It was a long, bitter, and very cold campaign. The allied armies under the Emperor of France were drawn in to the interior of Russia by the Fabian tactics of the Russian generals Bagration and Kutuzov. Although he won victory after victory, the Russians remained in the field and simply retreated, destroying anything the French could use as they went. By the time Napoleon captured Moscow, his troops were exhausted, ill-supplied, and poorly fed, a mere fraction of the original force. Napoleon decided to retreat to a more tenable position, but the retreat turned into a route, and when 1813 came only a handful (about 10,000 men) reached the starting point on the Russian border in any kind of order. Napoleon's greatest army had been destroyed by the fortitude of the Russians, the fierce Russian weather, and the grand strategic mistake of invading in the first place.

The Fall of Napoleon

The Russian campaign was the beginning of the end for Napoleon. It showed that even the master of war could be defeated. The destruction of the vast grande armée left him highly vulnerable. At the same time, the British under Wellington had been steadily drawing French resources in the Iberian Peninsula. All of the states of Europe decided it was time to join forces in another great coalition in order to oust the man whom they all feared. Meanwhile, Napoleon rushed back to Paris to raise new forces. The people of France responded to his call, but it was not enough. After several battles, the French were overwhelmed. Napoleon was forced to surrender. He was exiled to the island of Elba in the Western Mediterranean near Italy.

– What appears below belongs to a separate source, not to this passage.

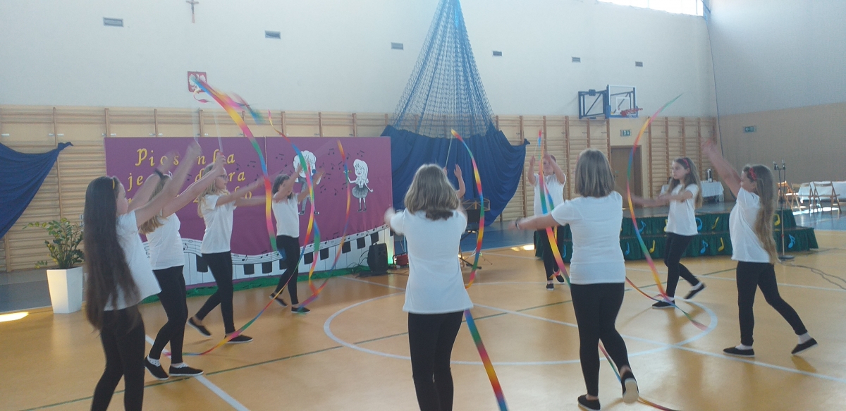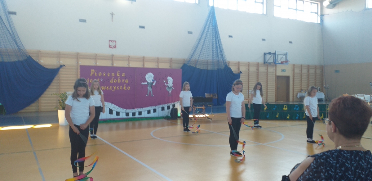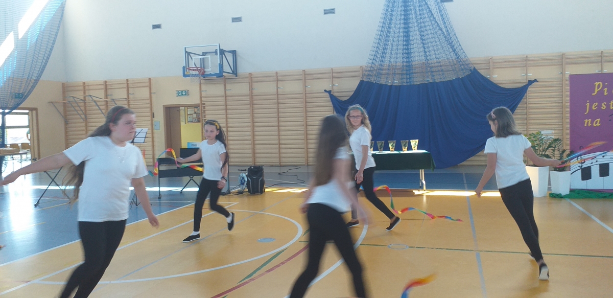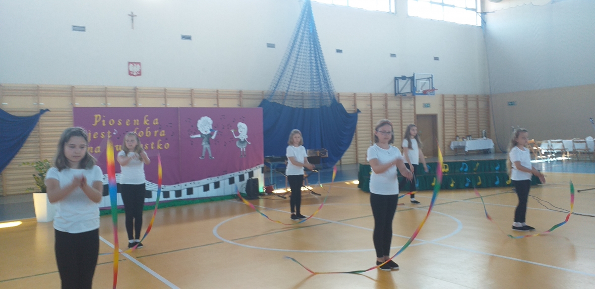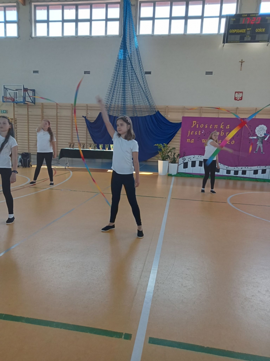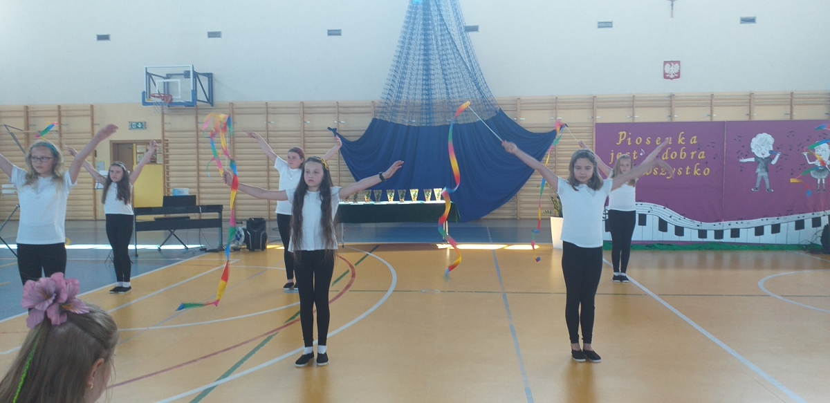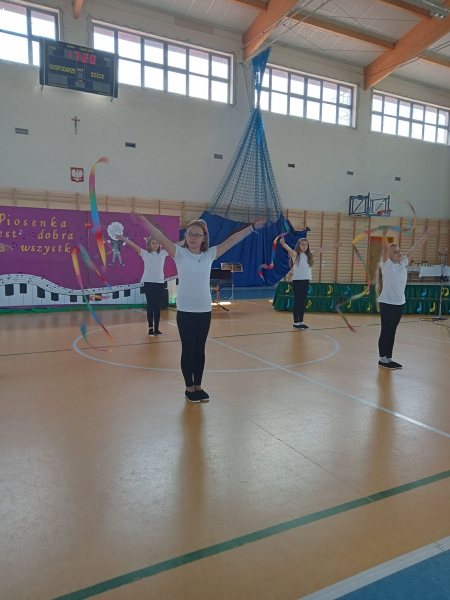 Reprezentantki naszej szkoły - uczennice z klasy trzeciej zaśpiewały piosenkę o tematyce patriotycznej oraz wykonały układ taneczny ze wstążką gimnastyczną.

He swore never to leave the island. However, ever the opportunist, within a year, he returned to France to joyous crowds, raised a new army, and determined to defeat his enemies. He marched north to face his most bitter foe. The Duke of Wellington at the head of an Anglo Dutch Army working in concert with a Prussian Army under Marshal Blucher came to meet him on a battlefield near a small town in Belgium called Waterloo. Napoleon was finally defeated and sent to an island under British control in the South Atlantic called St. Helena. Napoleon died in bed in 1821.

The Significance of Napoleon

Napoleon is often called the first modern dictator because of the way he seemed to mobilize all of the resources of the state. Yet Napoleon was also a product of his time and the previous age. He had been much influenced by the philosophes of the Enlightenment. He believed that society, indeed, worked better when certain human rights were respected. His great accomplishments were not just victories in battle after battle. He attempted to rule justly, and scientifically. His legacy in law and culture lasted far beyond anything he ever did on the battlefield. Yet in a sense all of those battlefield victories helped to spread the ideals of Liberté, Egalité, and Fraternité throughout much of crusty old Europe. He was instrumental in ushering in a new age where people all over Europe could speak of human rights and not just the rights of a particular class. Did Napoleon make colossal mistakes? Certainly. But even his mistakes would help to bring about a new understanding in Europe that Europeans were much better working together than fighting among themselves. Long after Napoleon had left the scene there was agreement in Europe that peace was much better than the alternative. This time of peace would be called The Concert of Europe.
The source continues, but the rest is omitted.